Initiation of breastfeeding was associated with a significant reduction in total infant mortality (OR = 0.81, 95% CI = 0.68–0.97, p = 0.023). Neonatal mortality was also significantly reduced with any breastfeeding (OR = 0.49, 95% CI = 0.34–0.72, p = 0.001). Postneonatal mortality was not significantly associated with breastfeeding initiation in the overall population (OR = 0.95, 95% CI = 0.78–1.17, p = 0.65), but was significant in the nonblack population (OR = 0.63, 95% CI = 0.41–0.98, p = 0.039). An association was observed between breastfeeding initiation and infant mortality from infectious disease (OR = 0.49, 95% CI = 0.32–0.77, p = 0.002).

Conclusions:

In an urban area with high infant mortality and low breastfeeding rates, initiation of breastfeeding was significantly associated with reductions in overall infant mortality, neonatal mortality, and infection-related deaths. Breastfeeding promotion, protection, and support should be an integral strategy of infant mortality reduction initiatives.

Introduction

Infant mortality, defined as death before the first birthday, remains a significant health problem for babies born in the United States and around the world. With ∼5.8 infant deaths per 1,000 live births, the United States ranks unfavorably among the world's countries for infant mortality,¹ tallying over 22,000 infant deaths during 2017.² Within the United States, the burden of infant mortality is disproportionally greater in many Southern and Midwestern states with mothers characterized by lower income and education, greater poverty, a higher African American population, and low breastfeeding rates.^3,4 Racial disparities in infant mortality are well known and documented, and have persisted over the 100 years that data have been collected.⁵

Breastfeeding, as the biological norm for infant feeding, can improve infant and maternal health and lower infant mortality. Many risk reductions have been associated with breastfeeding in developed countries around the world, including reduced rates of many infectious diseases and chronic health conditions, and protection against sudden infant death syndrome (SIDS) and necrotizing enterocolitis (NEC).⁶ In accordance, breastfeeding is increasingly accepted as an effective global intervention to lower infant and child mortality.⁷ WHO estimated that 1.5 million lives younger than age 5 years would be saved if mothers exclusively breastfed for the first 6 months of life, and then continued to breastfeed through age 2 years with complementary foods.⁸

A recent meta-analysis comparing optimal breastfeeding rates and infant mortality worldwide found a higher rate of all-cause mortality from 0 to 23 months in infants who were not exclusively breastfed.⁹ Compared with exclusively breastfed infants, relative risk for mortality was nearly threefold greater in partially breastfed infants, and 14-fold greater in infants not breastfed. The increased mortality risk extended to age 2 years.⁹ Although these studies may not be applicable to the U.S. population because of higher standards of hygiene and control of infectious disease, recent studies of breastfeeding and infant mortality in the United States are sparse. However, in the United States, any breastfeeding has been associated with a reduction in SIDS.¹⁰ A recent meta-analysis in the United States examined duration of breastfeeding and SIDS, and also found a protective effect.¹¹ Chen and Rogan analyzed a large sample of U.S. infants to calculate the odds of postneonatal death (deaths ≥28 days) for those “ever breastfeeding” and reported an odds ratio (OR) = 0.79 with 95% confidence interval (CI) = 0.67–0.93, compared with never breastfed infants. They also found a duration effect, with postneonatal death OR = 0.62 with 95% CI = 0.46–0.82 for infants with any breastfeeding through 3 months.¹² To date, however, no other studies in the United States have reported analyses of breastfeeding and all-cause infant mortality.

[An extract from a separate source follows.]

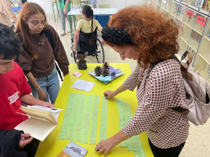 Con el alumnado de 3º de ESO, la actividad incluyó el análisis del poemario Habitación 241 mediante la metodología Visual Thinking Strategies (VTS), que combina observación e interpretación visual. El grupo, acompañado por la docente Ana Ramírez Reina, elaboró mapas conceptuales sobre los poemas del libro.

Infant mortality reduction is currently a key focus of public health efforts in the United States, and U.S. Healthy People 2020 goals include the reduction in the rates of neonatal deaths (deaths <28 days) and postneonatal deaths.¹³ Infant mortality rates are decreasing in all racial and ethnic groups,³ although racial differences in infant mortality continue and remain pervasive.¹⁴ Positive results in the reduction of infant mortality have been observed in the United States with targeted interventions including the enhancement of prenatal care programs.¹⁵ Some states and local communities have added the promotion, protection, and support of breastfeeding to their infant mortality reduction initiatives,^16–18 but this is not the norm in all communities.

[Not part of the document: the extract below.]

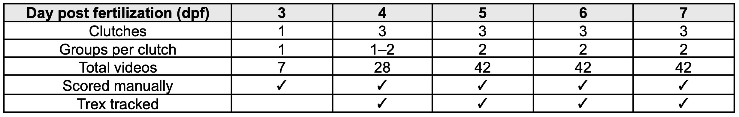 (D) Swimming speeds of tadpoles as they experienced repeated stimulation. Each dot represents the geometric mean of all TRex-tracked speeds in one video. Data from 4–7 dpf were pooled for this analysis. Crossbars denote mean +/- SEM. ns, not significant, ANOVA test. |

Shelby County, Tennessee, with Memphis as its largest city, is geographically located in the Mississippi Delta region, and has historically had a very high infant mortality rate (12.8 deaths/1,000 live births in 2004 overall and 17.4 deaths/1,000 live births in the black population)¹⁹ that is well above the United States and Tennessee averages, in addition to having a high rate of poverty, a large black population, and very low breastfeeding rates.^19–21 Shelby County has a black population of 53.4%, compared with 16.8% in Tennessee and 12.7% in the United States.²¹ A black infant in Shelby County, Tennessee is almost three times as likely to die before its first birthday as a white infant.¹⁹ Many initiatives have been developed in Shelby County to address the high infant mortality problem, which together have resulted in an overall reduction in infant mortality over the last several years. Among these initiatives was an intentional and widespread effort to increase breastfeeding rates, especially among African American women. This analysis examined associations between breastfeeding initiation rates and infant mortality in Shelby County for babies born between January 2004 and December 2014.

Methods

Overview

The objective of this epidemiologic analysis was to investigate the associations between breastfeeding initiation and infant mortality, neonatal mortality, and postneonatal mortality in an urban population with high infant mortality and historically low breastfeeding rates. Longitudinal trends have shown decreasing infant mortality rates with increasing breastfeeding initiation rates of the entire population. This retrospective study was performed using a public health database available through the Shelby County Department of Health, analyzing data obtained from birth certificates on live births linked to death certificate data.

Data source

Shelby County receives resident vital statistics including breastfeeding initiation and infant mortality as part of larger birth and death certificate data sets from the Tennessee Department of Health. Longitudinal rates of breastfeeding initiation and infant mortality are collected and reported by the Shelby County Health Department. These data include all births and deaths without exclusions. Information about breastfeeding is collected on the birth certificate with the question “Is the infant being breastfed?” with a “Yes” or “No” response option.²²

Study design

Data from babies born between 2004 and 2014 were analyzed as a linked birth–death cohort study after data cleaning. Deaths were categorized as follows: infant death (defined as death occurring before the first birthday), neonatal death (defined as death <28 days), or postneonatal death (defined as death ≥28 days of life but before the first birthday). Infant mortality was calculated and reported as deaths per 1,000 live births. Infants with birth weight <500 g were excluded from the analysis, as were deaths ≤7 days, and deaths because of congenital anomalies or malignant neoplasms, as deaths in these categories have a substantial impact on overall infant mortality rates and their inclusion might incur reverse causality as previously described.¹² Also excluded were infants without breastfeeding status recorded.

Data analysis

Breastfeeding data were collected from the birth certificate, with a positive result defined as any breastfeeding recorded at hospital discharge. For this analysis, breastfeeding initiation was scored as “Ever” versus “Never” with no information available on the birth certificate regarding breastfeeding duration or exclusivity.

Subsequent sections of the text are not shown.